▸ Description of the task
The lines in the listing below are to be given again exactly, starting at the line holding "Across, take one" and ending at the line holding "籃球懸停在空中,宛如盧浮宮墻". Do not include pictures.

▸ Stored data

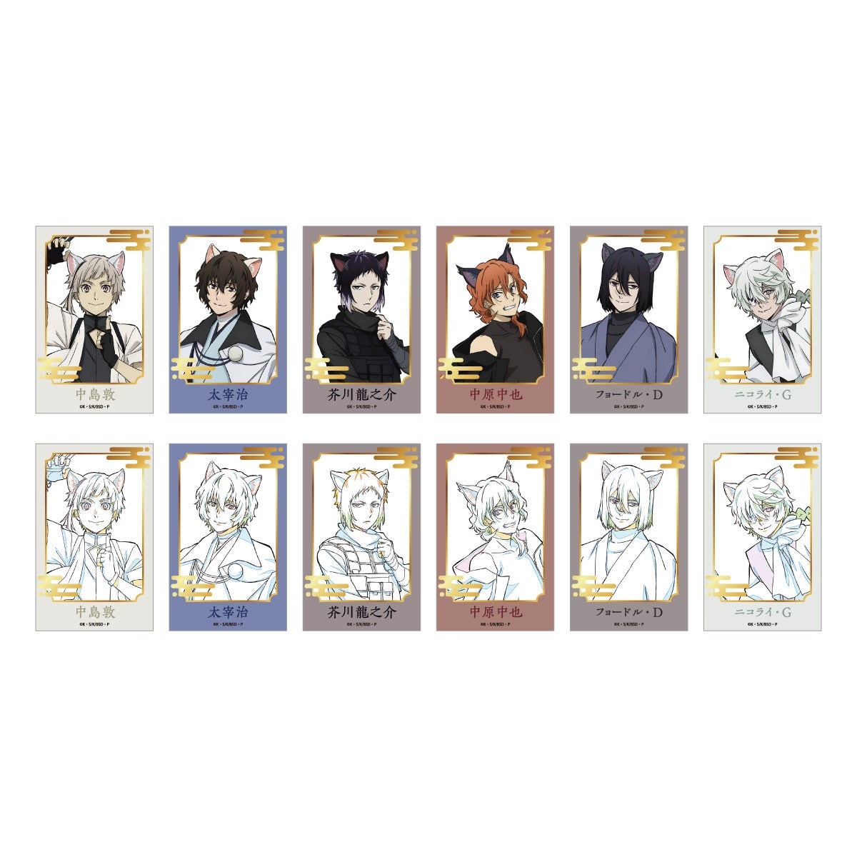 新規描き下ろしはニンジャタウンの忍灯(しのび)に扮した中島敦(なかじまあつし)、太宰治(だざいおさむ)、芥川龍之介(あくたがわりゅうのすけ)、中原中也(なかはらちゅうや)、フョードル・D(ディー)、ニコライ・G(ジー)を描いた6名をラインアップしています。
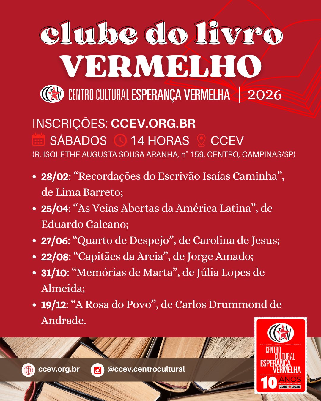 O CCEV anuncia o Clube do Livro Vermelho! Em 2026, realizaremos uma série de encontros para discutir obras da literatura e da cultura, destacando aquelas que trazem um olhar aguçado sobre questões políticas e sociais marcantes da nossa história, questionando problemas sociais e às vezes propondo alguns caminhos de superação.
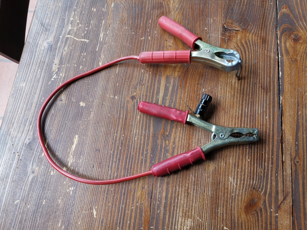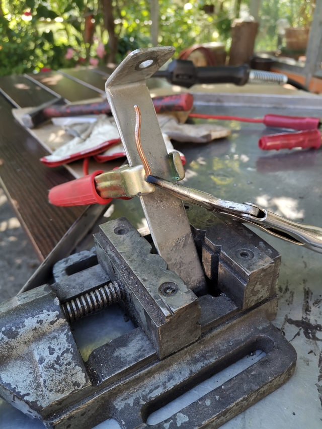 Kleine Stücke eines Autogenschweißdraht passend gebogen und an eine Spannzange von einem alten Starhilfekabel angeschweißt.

==

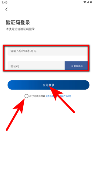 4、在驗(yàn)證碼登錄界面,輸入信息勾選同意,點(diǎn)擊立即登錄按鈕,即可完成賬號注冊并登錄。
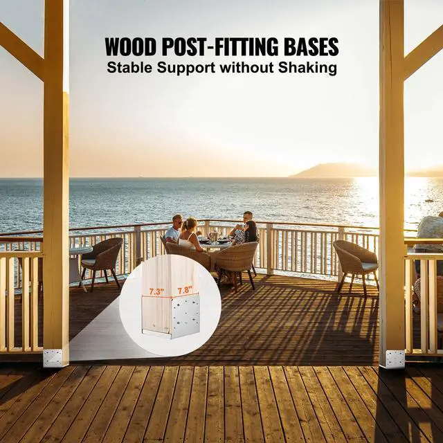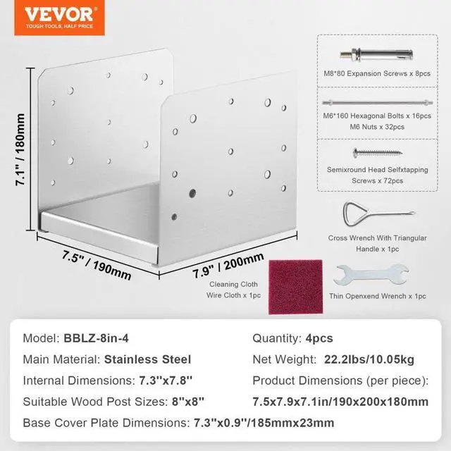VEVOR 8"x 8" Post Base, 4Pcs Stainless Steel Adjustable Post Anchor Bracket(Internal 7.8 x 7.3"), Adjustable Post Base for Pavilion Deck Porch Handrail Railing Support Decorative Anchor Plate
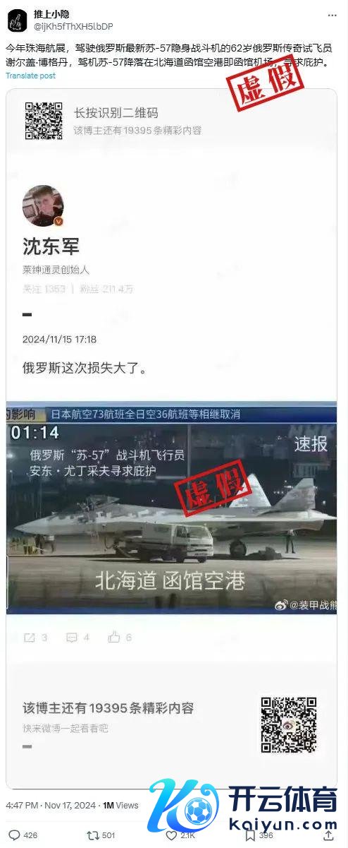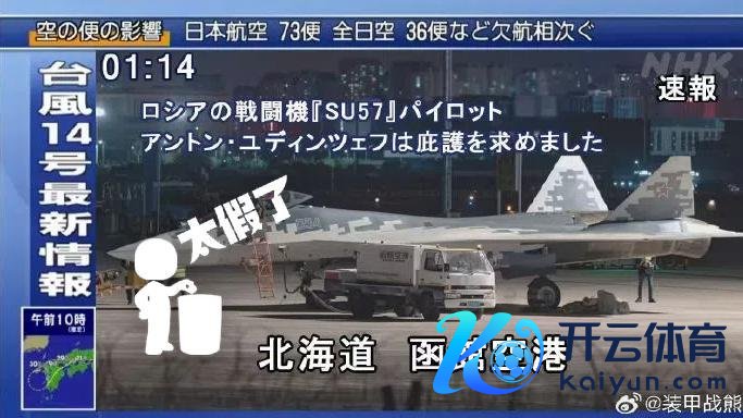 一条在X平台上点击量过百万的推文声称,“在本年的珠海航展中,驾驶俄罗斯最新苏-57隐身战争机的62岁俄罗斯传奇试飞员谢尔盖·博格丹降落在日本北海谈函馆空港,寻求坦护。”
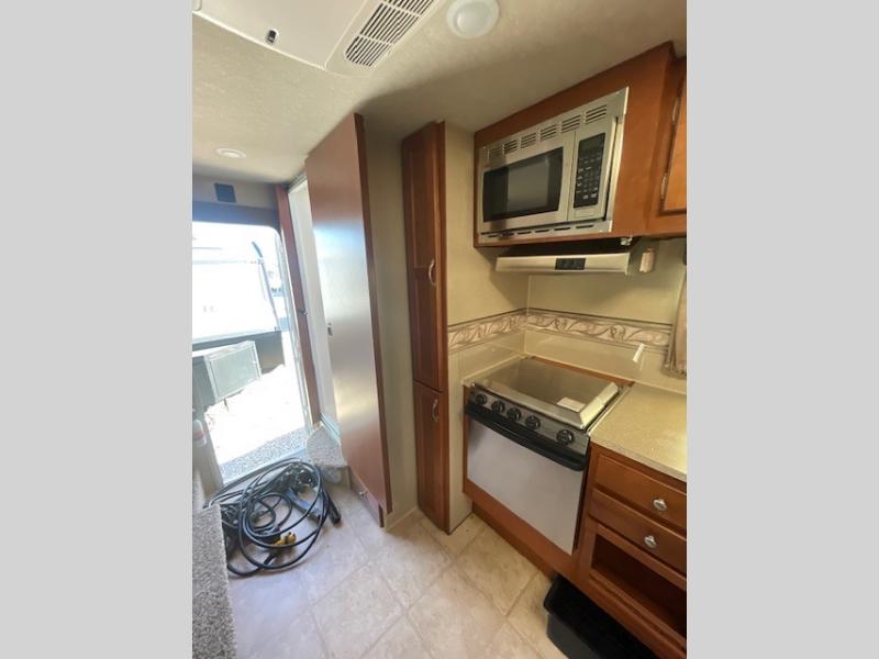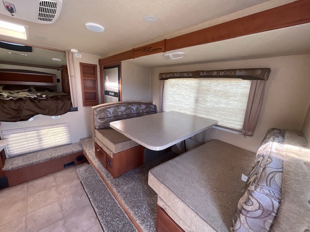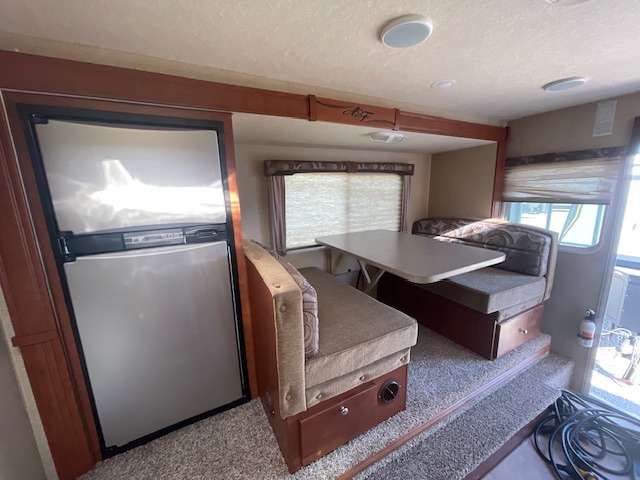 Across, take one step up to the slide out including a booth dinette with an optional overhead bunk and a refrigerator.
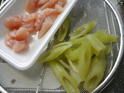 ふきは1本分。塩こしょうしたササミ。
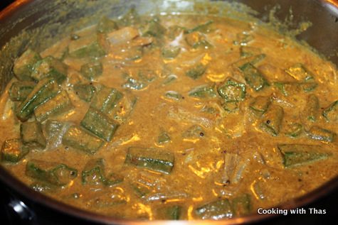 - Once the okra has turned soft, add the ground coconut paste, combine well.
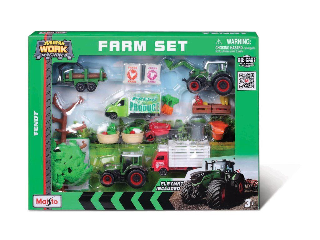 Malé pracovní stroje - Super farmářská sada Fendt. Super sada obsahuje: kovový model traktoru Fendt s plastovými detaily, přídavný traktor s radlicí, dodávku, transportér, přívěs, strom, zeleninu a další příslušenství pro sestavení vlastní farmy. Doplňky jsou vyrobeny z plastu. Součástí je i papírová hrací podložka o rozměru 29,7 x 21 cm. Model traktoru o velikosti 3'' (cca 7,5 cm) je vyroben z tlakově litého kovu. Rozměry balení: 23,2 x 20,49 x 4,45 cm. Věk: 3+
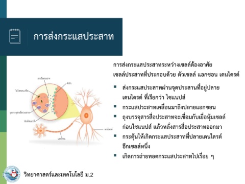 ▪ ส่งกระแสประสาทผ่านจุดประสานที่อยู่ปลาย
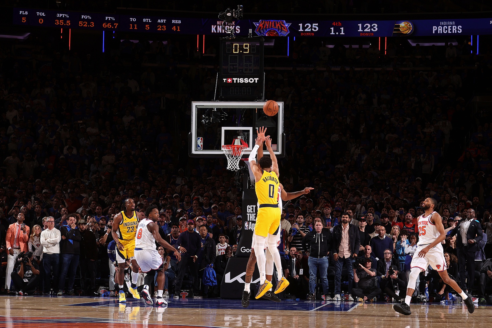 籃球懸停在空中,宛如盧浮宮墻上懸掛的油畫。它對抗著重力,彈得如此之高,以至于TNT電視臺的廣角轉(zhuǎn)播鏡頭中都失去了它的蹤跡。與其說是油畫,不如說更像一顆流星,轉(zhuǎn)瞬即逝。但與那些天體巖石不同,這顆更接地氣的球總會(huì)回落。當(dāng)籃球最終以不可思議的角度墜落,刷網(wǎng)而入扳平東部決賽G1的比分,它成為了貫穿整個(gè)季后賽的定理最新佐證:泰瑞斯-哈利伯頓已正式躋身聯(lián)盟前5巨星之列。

▸ Output for this exercise
 Across, take one step up to the slide out including a booth dinette with an optional overhead bunk and a refrigerator.
 ふきは1本分。塩こしょうしたササミ。
 - Once the okra has turned soft, add the ground coconut paste, combine well.
 Malé pracovní stroje - Super farmářská sada Fendt. Super sada obsahuje: kovový model traktoru Fendt s plastovými detaily, přídavný traktor s radlicí, dodávku, transportér, přívěs, strom, zeleninu a další příslušenství pro sestavení vlastní farmy. Doplňky jsou vyrobeny z plastu. Součástí je i papírová hrací podložka o rozměru 29,7 x 21 cm. Model traktoru o velikosti 3'' (cca 7,5 cm) je vyroben z tlakově litého kovu. Rozměry balení: 23,2 x 20,49 x 4,45 cm. Věk: 3+
 ▪ ส่งกระแสประสาทผ่านจุดประสานที่อยู่ปลาย
 籃球懸停在空中,宛如盧浮宮墻上懸掛的油畫。它對抗著重力,彈得如此之高,以至于TNT電視臺的廣角轉(zhuǎn)播鏡頭中都失去了它的蹤跡。與其說是油畫,不如說更像一顆流星,轉(zhuǎn)瞬即逝。但與那些天體巖石不同,這顆更接地氣的球總會(huì)回落。當(dāng)籃球最終以不可思議的角度墜落,刷網(wǎng)而入扳平東部決賽G1的比分,它成為了貫穿整個(gè)季后賽的定理最新佐證:泰瑞斯-哈利伯頓已正式躋身聯(lián)盟前5巨星之列。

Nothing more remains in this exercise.